Seny Bangaly (born 1 July 2001), known professionally as La Rvfleuze, is a French rapper. He rose to popularity in 2022 with his "Serrure" freestyle series. His debut album Numéro d'écrou (2026) became his first number-one project in France.

== Early life ==
Seny Bengaly was born in Paris, France, to Senegalese parents. He grew up in the 19th arrondissement of Paris, in particular the neighborhood of Porte d'Aubervilliers.

Initially a promising soccer player, Bengaly played for the youth academy of AJ Auxerre. However, he quit following a childhood of delinquency.

== Career ==

=== 2022-2024: Career beginnings and arrest, EALS ===
Bengaly subsequently turned to rapping and released his first track, "Serrure #1" on 18 May 2022. This was followed a month later by "Serrure #2". On 30 September 2022 "Surrure 3" was released. In the same year, Bengaly was arrested and eventually convicted on burglary charges.

Despite being incarcerated, La Rvfleuze's music continued to gain traction, with unreleased tracks being uploaded to TikTok, as well as other videos related to him. As a result, his debut EP EALS was released from prison on 12 July 2024.

=== 2025-present: Release from prison, Numéro d'écrou ===
La Rvfleuze was released from prison in March 2025 and released "Serrure #4" on 9 April. This was followed up by the singles "P.I.B" and "Tie Break" in the following months. Also in July, La Rvfleuze featured on Gazo's single "KAT". He then released "Serrure #5" on 13 August, which became the most popular version. The song "Lewis Hamilton" came out on 15 September. In the same month the single "Connexion Macabre" released, featuring Leto. On 12 November he released the track "Money in the Bank".

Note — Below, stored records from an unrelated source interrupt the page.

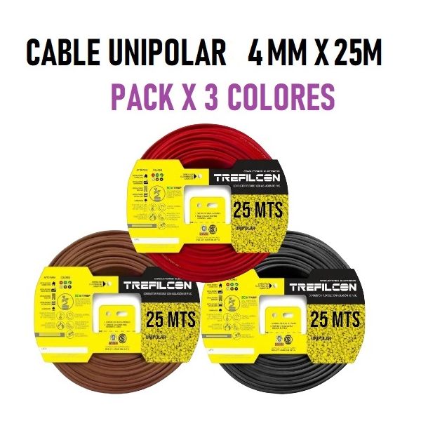 CABLE UNIPOLAR 4 MM TREFILCON X 25M PACK X 3 COLORES (MARRON - ROJO- NEGRO)
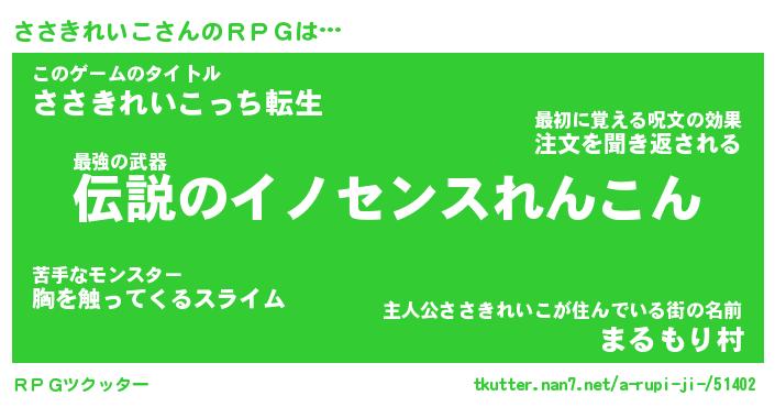 | 女子向けラノベタイトル風あだ名 | 『ささきれいこ姫と円卓の騎士』 |
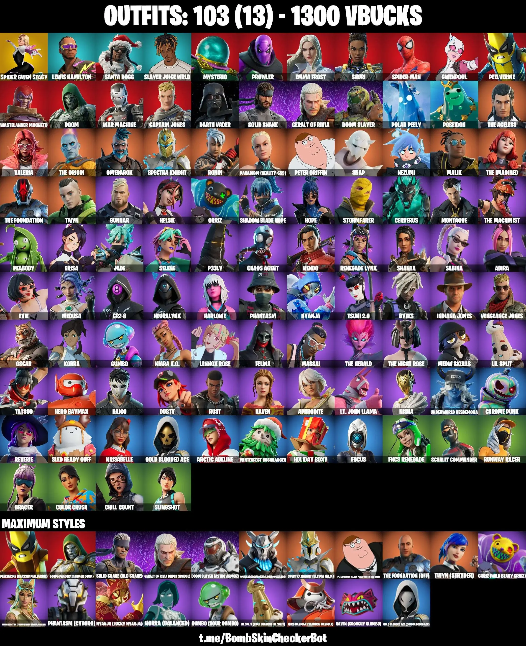 ❤️ 103 SKINS ❤️ SPIDER-GWEN STACY ❤️ SPIDER-MAN ❤️ DARTH VADER ❤️ HELSIE ❤️ CHAOS AGENT ❤️ EVIE ❤️ TSUKI 2.0 ❤️ REVERIE ❤️ MEOW SKULLS ❤️ P33LY ❤️ SCARLET COMMANDER ❤️ FNCS RENEDE ❤️ COLOR CRUSH ❤️ CAN PLAY ON PSN ❤️ XBOX ❤️ PC ❤️
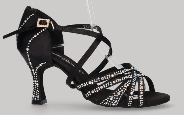 Chaussure de danse latine et de salon en satin noir avec strass en cristal sur l'empeigne et le talon, ornée de multiples perles sur le talon et d'une bride croisée sur le cou-de-pied. ROBERTO GARRUDO. * Kizomba * Tremper * Bachata * Tango
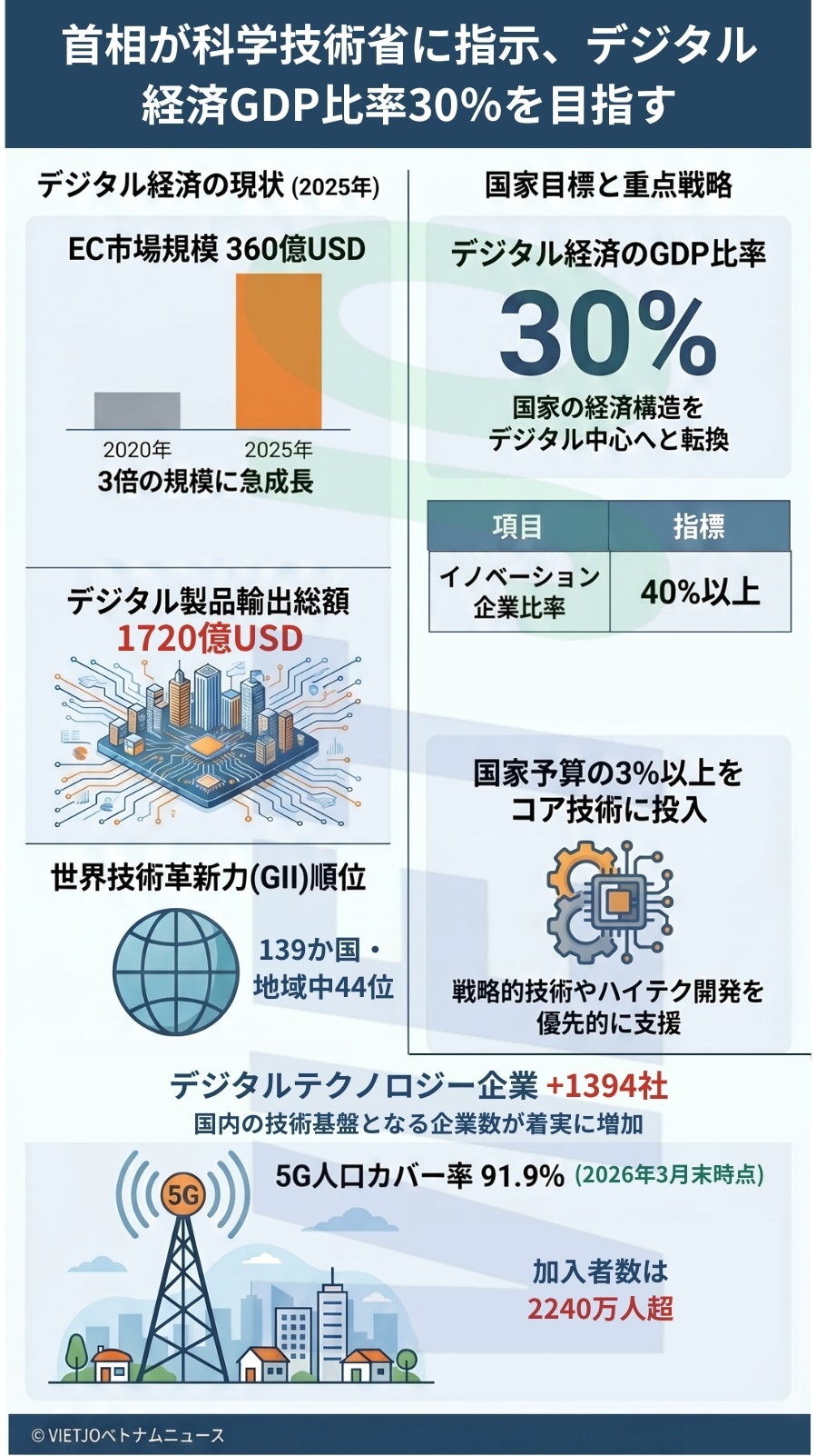 会議での報告によると、ベトナムの2025年の世界技術革新力ランキング(Global Innovation Index=GII)は139か国・地域中44位、スタートアップエコシステムは世界55位となっている。2026年3月末時点での第5世代移動通信システム(5G)の人口カバー率は91.9%に達し、加入者数は2240万人を超えた。
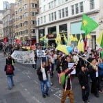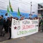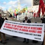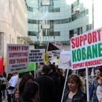 Başkent Londra’da Kobane ile dayanışma eylemleri devam ediyor. Pazar günü Londra merkezde bulunan BBC binası önünde bir araya gelen yüzlerce kişi yapılan mitingden sonra Trafalgar meydanına kadar yürüdü. Eyleme İşçi partili milletvekili David Lammy ve Jeremy Corbyn’in yanı sıra çok sayıda İngiliz insan hakları savunucusu, ve devrimci sosyalist gruplar destek verdi.
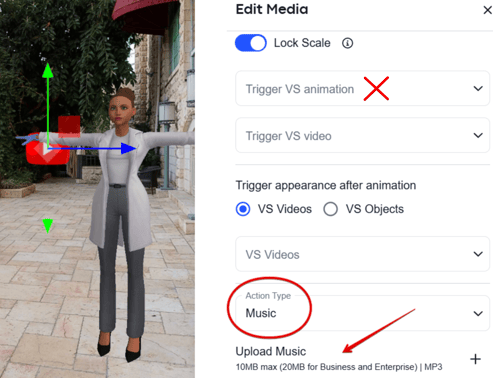 If you'd prefer the Avatar not to appear static when the tour starts, you can add a voiceover differently using the Music action type in the Media settings. The initial steps are the same: firstly go to Virtual Staging to upload VS asset (just Avatar without audio asset) and place it on the space. Then go to Media and upload any image (e.g. play button) > in the image settings select 'Music' action type and upload mp3 file.
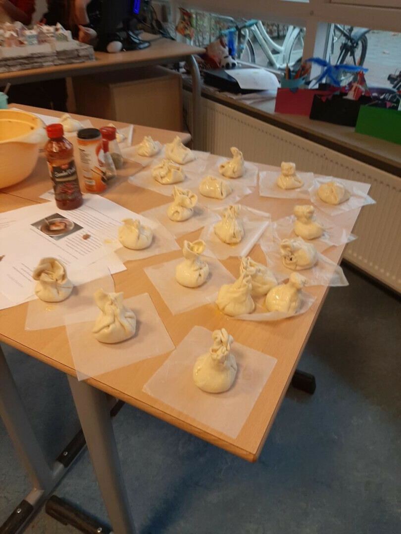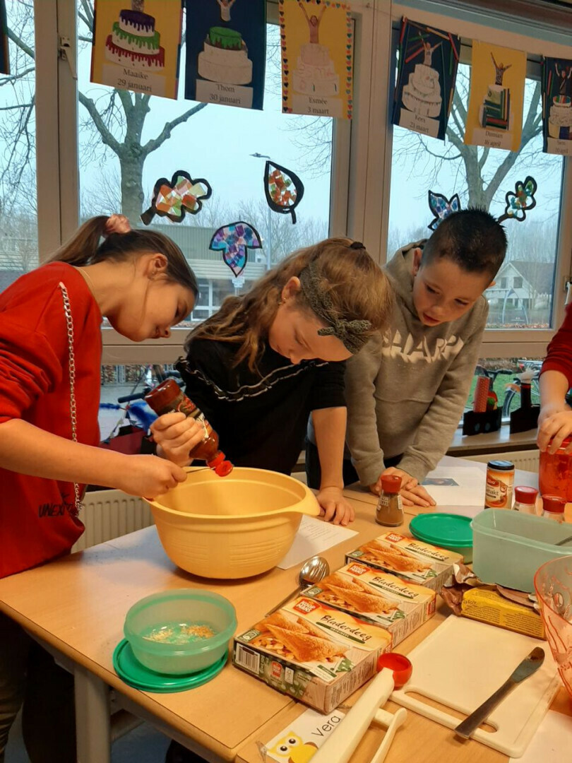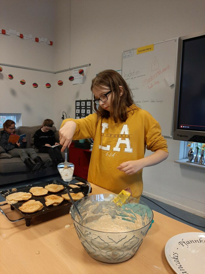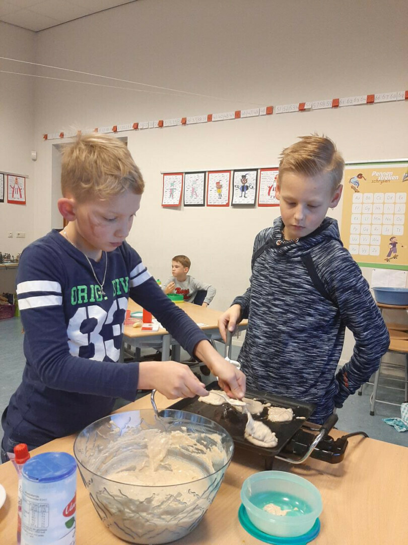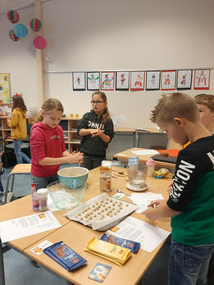 In groepjes hebben ze de recepten gelezen, de ingrediënten afgewogen en de handen vies gemaakt. De moeder van Jasmijn heeft alles voor ons afgebakken, bedankt!
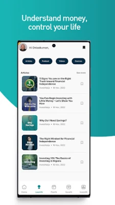 Baya ga damammakin zuba jari, InvestNaija tana ba da fasalin LearnIN, wanda ke cike da albarkatun ilimin kudi. A nan, za ka samu darussa, kasidu, bidiyoyi, da kuma shirye-shiryen rediyo (podcasts) kan harkokin kudi na sirri. Wannan sashe an gina shi ne don fadada fahimtarka game da kudi da kuma taimaka maka wajen yanke shawara mai inganci. Ko kana fara tafiyarka ta kudi ne ko kuma kana neman kara zurfafa iliminka, LearnIN tana da abin da za ta bayar ga kowa da kowa.
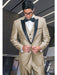 Tan ~ Beige ~ Sand Color Peak Lapel Tuxedo Vested 3 Piece Suit By Alberto Nardoni Tux Formalwear Tan Tuxedo - Beige Tuxedo
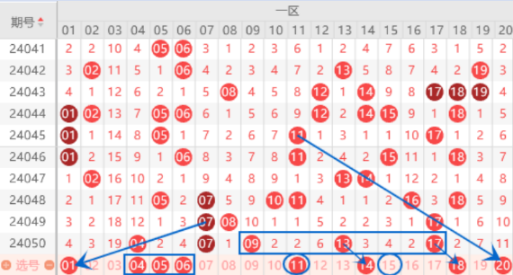 本期的01号数字我们注意一下出号情况,从012路图上看出号机会是很大的,我们要注意一下。本期的04号数字我们也是要注意一下,本期有可能会01 04同出的。本期的05 06号数字我们注意一下出一个号码的情况,重点关注一下06号数字的出号情况。本期的11 15号数字都是属于空三中心号,本期的空三中心号码有4个,本期是应该出一个的,所以本期的11 15是大概率要出一个号码的,我们要重点关注一下。本期的20号数字我们注意一下出号情况,属于大长斜连,做一下防守就行了。
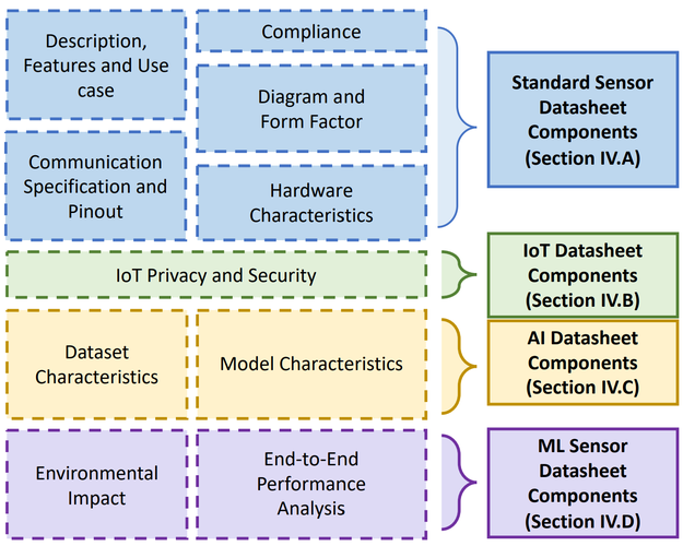 Machine learning (ML) is becoming prevalent in embedded AI sensing systems. These ‘ML sensors’ enable context-sensitive, real-time data collection and decision-making across diverse applications ranging from anomaly detection in industrial settings to wildlife tracking for conservation efforts. As such, there is a need to provide transparency in the operation of such ML-enabled sensing systems through comprehensive documentation. This is needed to enable their reproducibility, to address new compliance and auditing regimes mandated in regulation and industry-specific policy, and to verify and validate the responsible nature of their operation. To address this gap, we introduce the datasheet for ML sensors framework. We provide a comprehensive template, collaboratively developed in academia-industry partnerships, that captures the distinct attributes of ML sensors, including hardware specifications, ML model and dataset characteristics, end-to-end performance metrics, and environmental impacts. Our framework addresses the continuous streaming nature of sensor data, real-time processing requirements, and embeds benchmarking methodologies that reflect real-world deployment conditions, ensuring practical viability. Aligned with the FAIR principles (Findability, Accessibility, Interoperability, and Reusability), our approach enhances the transparency and reusability of ML sensor documentation across academic, industrial, and regulatory domains. To show the application of our approach, we present two datasheets: the first for an open-source ML sensor designed in-house and the second for a commercial ML sensor developed by industry collaborators, both performing computer vision-based person detection.

On 6 February, La Rvfleuze and Freeze Corleone collaborated on the song "Serrure #667". During this time, he was sent back to prison briefly. Ten days later, he appeared on the COLORS show to perform his next single "Argent Sale", which increased his profile further. The following month, La Rvfleuze's debut album Numéro d'écrou released with features from Gazo, Hamza, Koba LaD, and Freeze Corleone. It debuted at number one on the French Albums Chart, held the position for five weeks and was certified Gold within a month. In May 2026 he collaborated with Aya Nakamura on the track "Sexy Nana", and in June he featured on the song "Devin Booker" with JRK 19.